Offer Control Over Surroundings

One of the biggest challenges of the COVID-19 pandemic we faced as a global community was how little we knew about it. Lacking facts, we felt helpless. A key component of restoring travellers’ trust is returning to their hands some semblance of control.

A telling trend coming to the fore is that some travellers are willing to pay more for access to physical distance from other travelers – especially families with children.

Hospitality industries can respond to this demand by offering premium options to control their surroundings. Opportunities for brands to explore include expanded private shuttle services with visible sanitation efforts; private or touchless check-in with smartphone-activated locks; and a choice of their position within the property relative to entrances, exits, elevators, and high-traffic areas.

In addition, we will likely see simpler room designs and fit outs with less touch points to allow for quicker cleaning procedures, and drive consumer higher confidence in the process..
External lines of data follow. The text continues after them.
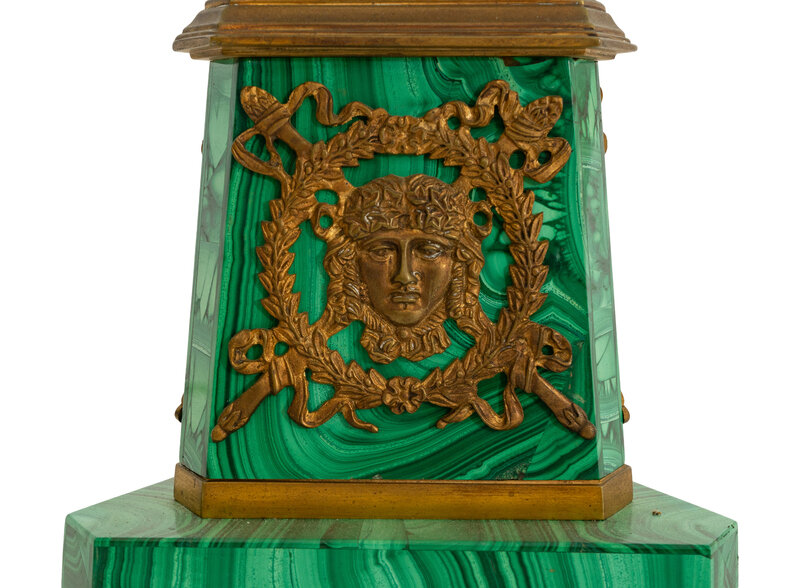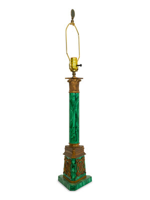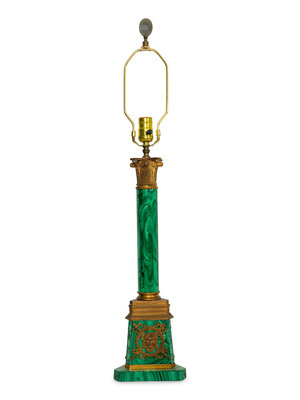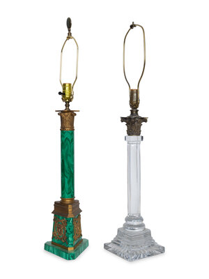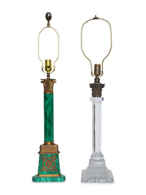 A Gilt Bronze Mounted Malachite Lamp and a French Cut Glass Columnar Lamp
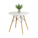 Całość prezentuje się nie tylko funkcjonalnie, ale również estetycznie, tworząc idealne miejsce do wspólnych posiłków czy rozmów. Stół okrągły, biały, wykonany z płyty MDF na nogach bukowych to wyjątkowy mebel, który doda wnętrzu subtelności i stylu, jednocześnie zapewniając praktyczne miejsce do spotkań i wspólnego spędzania czasu.
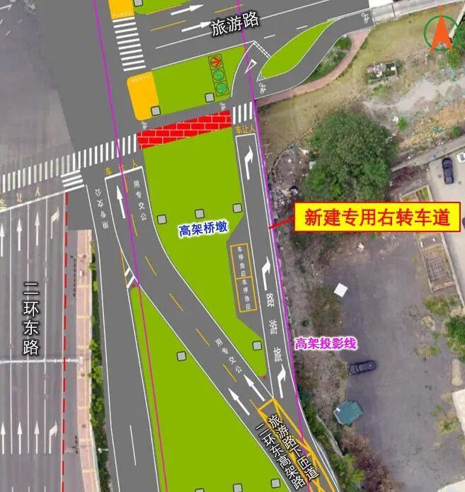 二环东高架路旅游路下匝道新增专用右转车道,有效打通瓶颈节点,实现了快慢交通的快速有序转换。
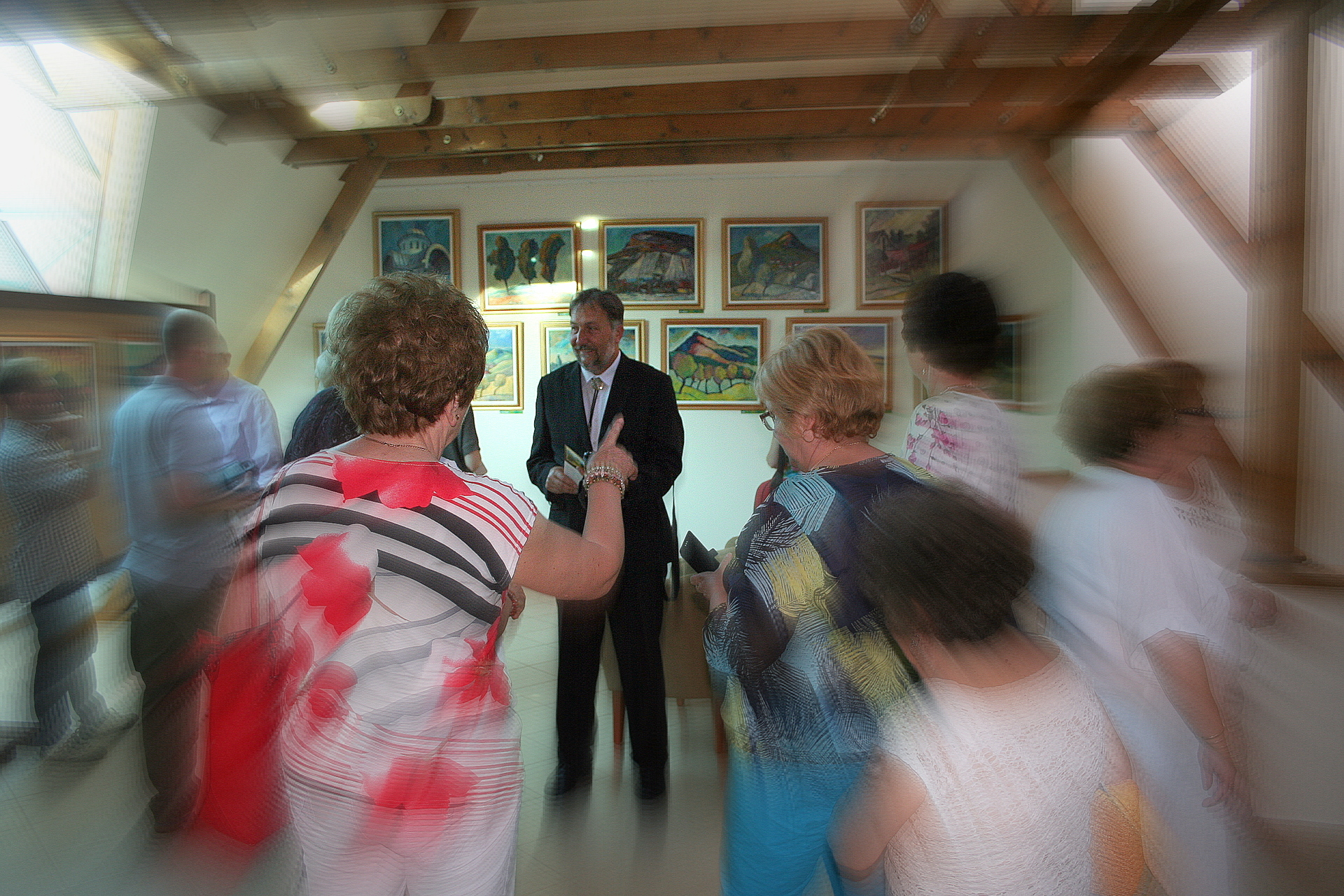 A vendégkiállító életpályájáról Szatmári Elemér református lelkész beszélt. Elmondta, hogy a művésznek ez már a negyedik idei kiállítása, hisz Budapest, Kolozsvár és Nyíregyháza után érkezett meg Gyulára, ám ezt megelőzően képei szinte a teljes Magyarországot és Erdélyt bebarangolták, sőt, Brüsszelbe is eljutottak.

We may also experience a new era of dining, and welcome in a widespread dawn of QR-coded menus and large menu displays. Healthier menu choices have the potential to be the norm, as we all become more health conscious, and place greater importance on preserving the health of our immune systems. Hoteliers will have to think hard and creatively about how to best use banqueting spaces, given local safety guidelines from various authorities around weddings, celebrations, social gatherings.
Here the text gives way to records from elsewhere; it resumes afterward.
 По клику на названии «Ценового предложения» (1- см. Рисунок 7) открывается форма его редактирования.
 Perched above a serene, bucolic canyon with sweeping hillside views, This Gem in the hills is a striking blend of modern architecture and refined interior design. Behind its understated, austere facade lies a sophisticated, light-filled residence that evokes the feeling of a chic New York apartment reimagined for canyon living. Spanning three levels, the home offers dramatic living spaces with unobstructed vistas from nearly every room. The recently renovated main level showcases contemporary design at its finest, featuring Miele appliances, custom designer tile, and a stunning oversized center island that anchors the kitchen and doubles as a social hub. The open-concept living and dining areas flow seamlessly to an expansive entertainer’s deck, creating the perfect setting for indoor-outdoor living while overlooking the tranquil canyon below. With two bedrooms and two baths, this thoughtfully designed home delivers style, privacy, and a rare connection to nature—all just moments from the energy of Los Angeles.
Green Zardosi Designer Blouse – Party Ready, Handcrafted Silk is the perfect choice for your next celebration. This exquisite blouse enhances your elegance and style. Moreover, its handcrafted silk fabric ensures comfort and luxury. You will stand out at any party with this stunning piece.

Lobbies and public areas within hotels are also likely to expand – so as to allow enough spacing and the implementation of social distancing between guests. Reduced acceptance of non-hotel residents to the leisure facilities (gym, spa, pool) will also become widespread, in a bid to contain and protect the health and safety of their overnight guests.

We all know that customers want to travel again. Our customers want us to earn their trust and we have a strong opportunity to not only deliver an experience that makes them feel comfortable but makes them excited to be traveling once again.